EKF-based MPC scheme for image-based visual servoing of UAVs subject to multiple uncertain disturbances
摘要
Currently, GPS-denied uncrewed aerial vehicle (UAV) employing image-based visual servoing (IBVS) strategies can effectively achieve target positioning and tracking. However, a critical challenge that urgently needs to be addressed is the loss of the target due to the impact of uncertain disturbances on the UAV field of view (FOV). In response to this issue, this paper proposes a dual-layer control architecture that integrates model predictive control (MPC) with an extended Kalman filter (EKF), which can effectively mitigate the negative effects caused by system noise, model errors, and external disturbances. In this framework, the EKF operates as an online observer that estimates both the quadrotor states and the disturbances in complex environments, thereby supplying the MPC with an updated model at each time step.

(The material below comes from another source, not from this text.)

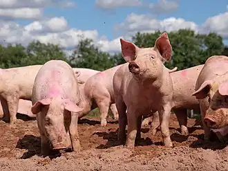 Schweine gelten eher als dreckig. Untersuchungen zeigen jedoch, dass Schweine, die in ausreichend weitläufigen Ställen gehalten werden, generell eine Ecke als Kotecke nutzen. Ihr Suhlen in feuchtem Schlamm ist eine angeborene Verhaltensweise, die der Reinigung dient, bei hohen Temperaturen ihre Körpertemperatur senkt und sie vor Sonnenbrand schützt. Schweine haben keine Schweißdrüsen.[21]
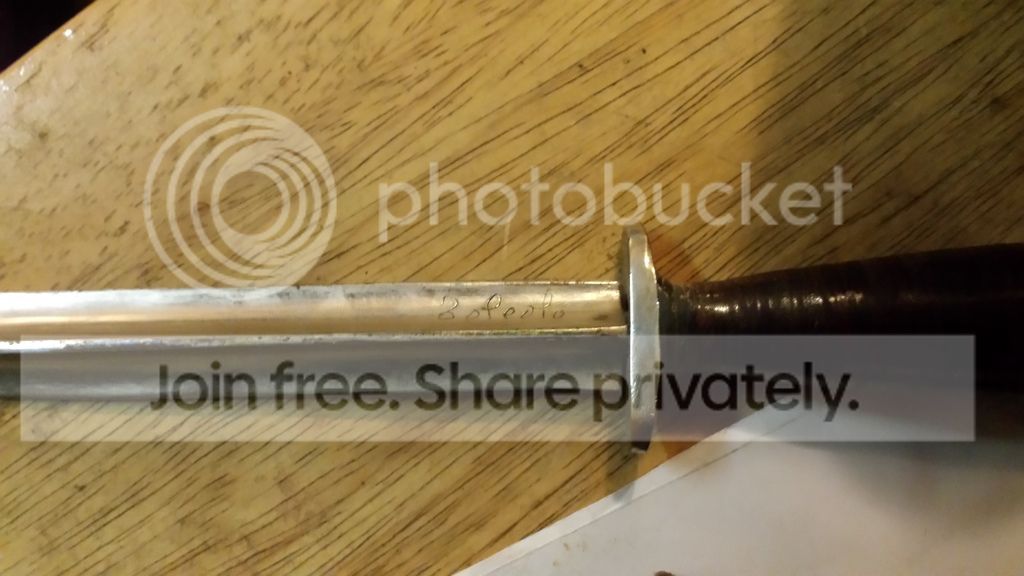 Seriously though, it looks like an old military dagger. I was thinking possibly a bayonet but it doesn't appear to possess any means for attachment. Wish I knew more. Good luck.

Utilizing this refined model, the MPC computes control inputs that actively counteract the negative effects of uncertainties, thereby enhancing the control robustness. The proposed scheme enables the quadrotor to maintain a safe FOV during flight missions, ensures convergence of the state errors, and achieves stable target tracking. The paper establishes the IBVS model of the quadrotor, then designs the control scheme under various adverse disturbances. Theoretical stability analysis is provided to guarantee the algorithm stability. Finally, the effectiveness of the proposed control scheme is validated through numerical simulations and experiments.